Я не сказал об этом Владимиру Ильичу. Меня не так огорчил выговор управляющего делами, сколько сознание, что я своим поступком нарушил порядок работы Ленина. Владимир Ильич был чрезвычайно аккуратен. Куда бы мы с ним ни направлялись, он заранее определял, когда мы должны приехать. Если мы приезжали вовремя, Владимир Ильич говорил: «Замечательно, уложились!» Если мы почему-либо опаздывали, Ленин, в зависимости от причин опоздания, говорил: «Плохо, не уложились!», или: «Ну, это не по нашей вине, задержали». Если кто-либо опаздывал даже на несколько минут Владимир Ильич всегда выговаривал опоздавшим, часто, правда, в шутливой форме; бывало посмотрит на часы и скажет: «Что-то мои часы забегают вперед, надо проверить. Как по вашим время?»
Ленин среди родных
Как уже было сказано, летом 1918 года Владимир Ильич отдыхал в Тарасовке. Здесь в двухэтажном здании, на втором этаже, Ленин и Крупская имели две комнаты. Они приезжали сюда обычно в субботу поздно вечером и покидали дачу на рассвете в понедельник. Мария Ильинична, сестра Ленина, часто сопровождала их в поездках за город.
Помню эпизоды нашего возвращения в Кремль. Рано утром, почти на заре, Владимир Ильич тихо подкрадывался ко мне и будил:
— Вставать пора, товарищ Гиль, в город будем собираться. Давайте-ка бесшумно выкатим машину, чтобы Надежду Константиновну и Марью Ильиничну не будить.
Не заводя машину, мы общими усилиями выкатывали ее из гаража во двор и, не поднимая шума, уезжали в Москву. А часов в восемь-девять утра Ильич говорил мне:
— Ну, а теперь возвращайтесь в Тарасовку, я привозите Надежду Константиновну и Марью Ильиничну!
Отношение Ленина к родным и близким — сестре, брату, супруге, племяннику — меня всегда восхищало. Перегруженность работой не мешала Ильичу постоянно осведомляться, позавтракала ли Надежда Константиновна, не устала ли от заседания Мария Ильинична, достаточно ли тепло в квартире у Анны Ильиничны, и т. д.
— Товарищ Гиль, — сказал мне однажды Владимир Ильич, — вот вам теплый плед, возьмите в машину и уговорите Надежду Константиновну пользоваться им. — При этом Владимир Ильич показам как следует потеплее кутать ноги.

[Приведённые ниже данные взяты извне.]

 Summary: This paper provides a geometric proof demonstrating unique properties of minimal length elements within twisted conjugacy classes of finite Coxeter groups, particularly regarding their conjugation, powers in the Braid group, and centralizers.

Зная, что Надежда Константиновна сама не следит за своим здоровьем и не любит возиться с теплыми вещами, Владимир Ильич обратился за содействия ко мне.

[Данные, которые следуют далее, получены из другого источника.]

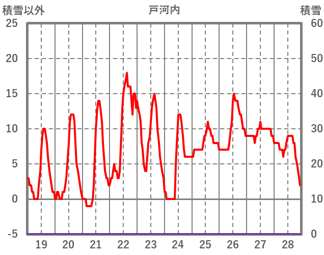 | 日 | 時 | 気温 | 降水 | 風向/風速 | 日照 | 積雪 | 降雪 |

Владимир Ильич и Надежда Константиновна жили в Кремле, рядом с помещением Совета Народных Комиссаров. Их квартира находилась на третьем этаже, лифта в первые годы не было, и приходилось взбираться по крутой высокой лестнице. Владимир Ильич никогда не жаловался на высоту и трудность ходьбы, но много раз огорчался тем, что Надежде Константинове приходится перегружать больное сердце непосильной ходьбой.